Database 1a of the MIDRC-RICORD is comprised of 120 thoracic computed tomography (CT) images from four international sites, each of which has been annotated with precise segmentation and diagnostic labeling. For our model training process, we employed 120 Chest CT tests (axial series) as input. The data were retrieved using Cancer Imaging Archive [31]. A CT scan sample of lungs infected with COVID-19 is shown in Fig. 1.

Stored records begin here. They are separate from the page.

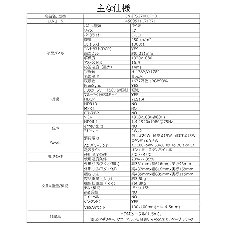 Sản phẩm JAPANNEXT JN-IPS270FLFHD HDMI VGA Full HD LCD Monitor with 27-inch IPS Panel đang được bán với giá ưu đãi là $139.5309 tại nước Nhật.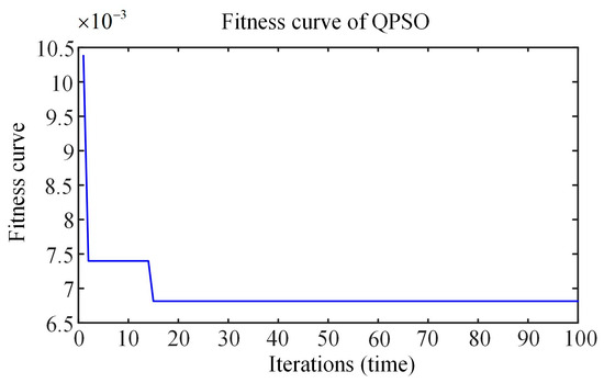 The changes in particle fitness with the increase in iterations of the QPSO-LSTM 2 model are shown in Figure 8. The particle fitness finally stabilized at 0.002972. After QPSO optimization of the LSTM 2 model hyperparameters, the final results are as shown in Figure 9 and Table 6, where the number of hidden layer neurons was La1 = 61, Lb1 = 80, the optimal iteration times of LSTM 1 was 99, and the optimal learning rate of LSTM 1 was 0.00977.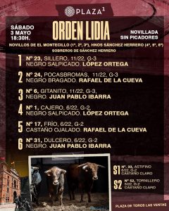03 May ActualidadOrden de lidia para la final del ‘Camino hacia Las Ventas’ Posted on 03/05/202503/05/2025 by Redacción Orden de lidia para la final del ‘Camino hacia Las Ventas’ López Ortega, Rafael de la Cueva y Juan Pablo Ibarra lidiarán reses de El Montecillo y Hnos. Sánchez Herrero Galería de imágenes Orden de lidia para la final del 'Camino hacia Las Ventas' Orden de lidia para la final del 'Camino hacia Las Ventas' Orden de lidia para la final del 'Camino hacia Las Ventas' Orden de lidia para la final del 'Camino hacia Las Ventas' Orden de lidia para la final del 'Camino hacia Las Ventas' Orden de lidia para la final del 'Camino hacia Las Ventas' Plaza 1 Redacción Los ‘Victorinos’ para esta tarde en la Maestranza La Feria de San Pedro Regalado se presenta en Sevilla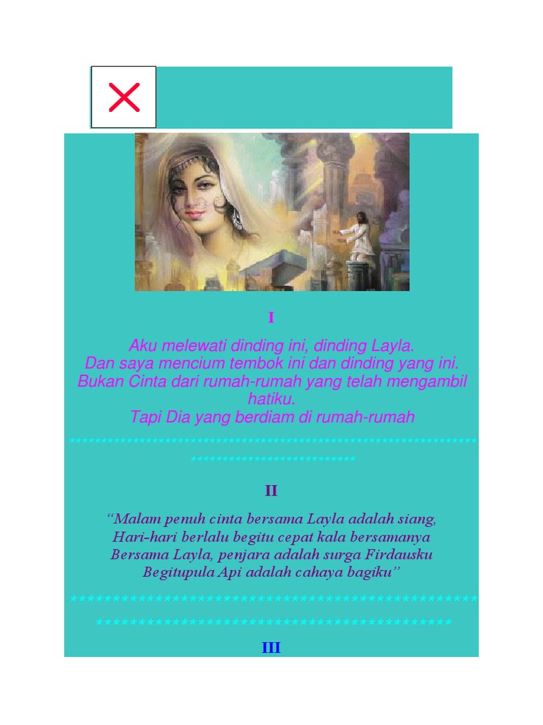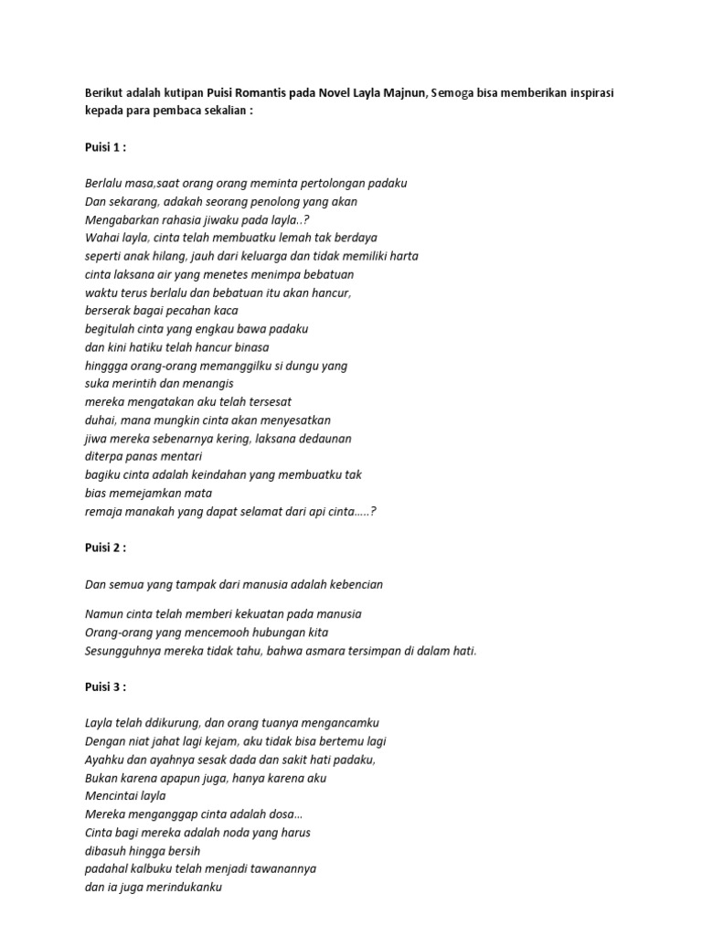 Salah satu penggalan bait dari ketiga puisi tersebut. Aug 05 2014 Jiwa dan cinta anaknya pada Layla tidak bergeming. Namun pujangga dulu tidak sebebas penulis sekarang kaidah bait yang terdiri dari rima dan iramanya tetap diperhatikan sehingga puisi tersebut bisa dinyanyikan oleh siapa pun.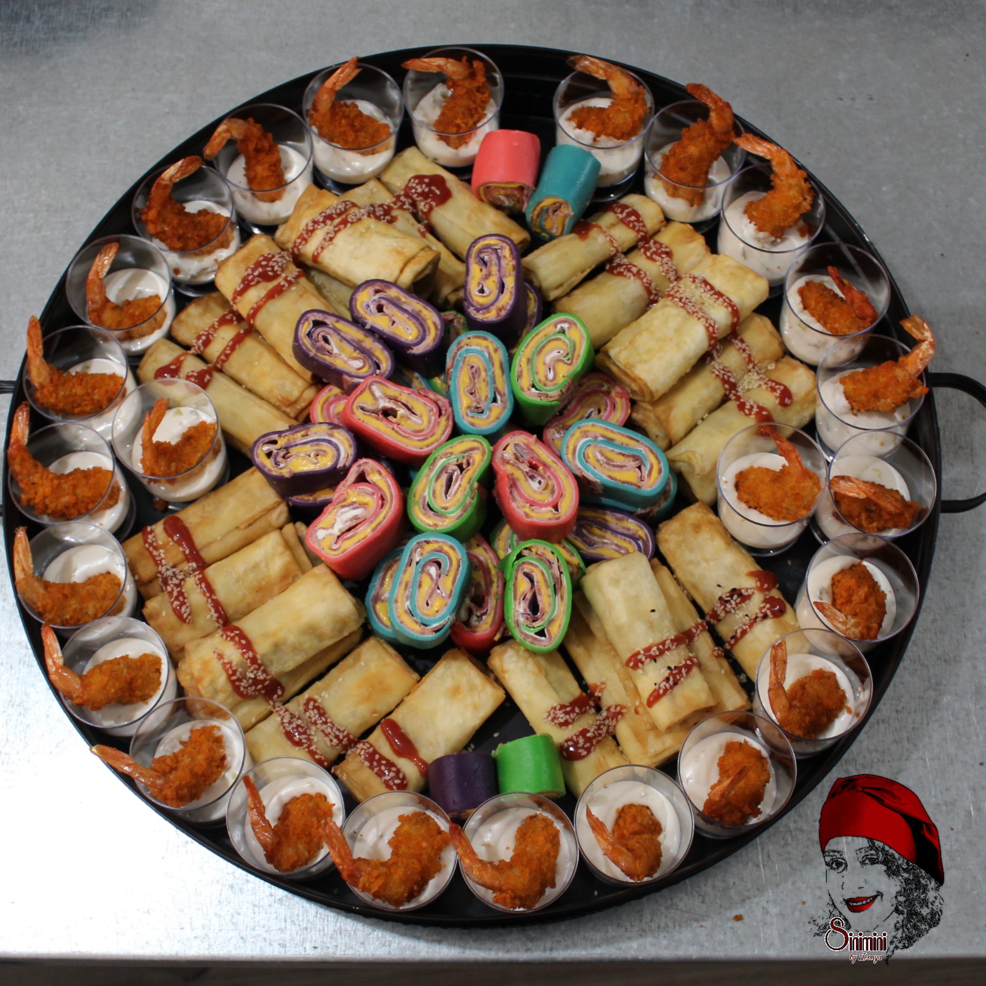 ۲۰ عدد اسپرینگ رول مرغ, ۲۰ عدد شات میگو سوخاری, ۲۰ عدد کرپ رول ژامبون

To test our model, we used the COVID-19 CT Lung and Infection Segmentation Dataset publically available at Zenodo [32]. This dataset contains 20 COVID-19 CT scans that have been labeled and annotated. The left lung, right lung, and disease areas were labeled by two radiologists and checked by an expert radiologist before being sent to the pathology lab for testing. The dataset completely fits our research interests because of the additional human-annotated segmentation along with the ground truth.
Data prepossessing and training
The volumes included in this set of data have a resolution of 512 by 512 pixels, and there is no consistent number of slices throughout the cohort of patients. The input pictures from the CT include some information that is not necessary for the procedure. As a consequence of this, preprocessing is required in order to get rid of the unnecessary information included in the volumes. In order to reduce memory consumption, the dimensions of each slice in the 3D CT data were shrunk to 256 by 256.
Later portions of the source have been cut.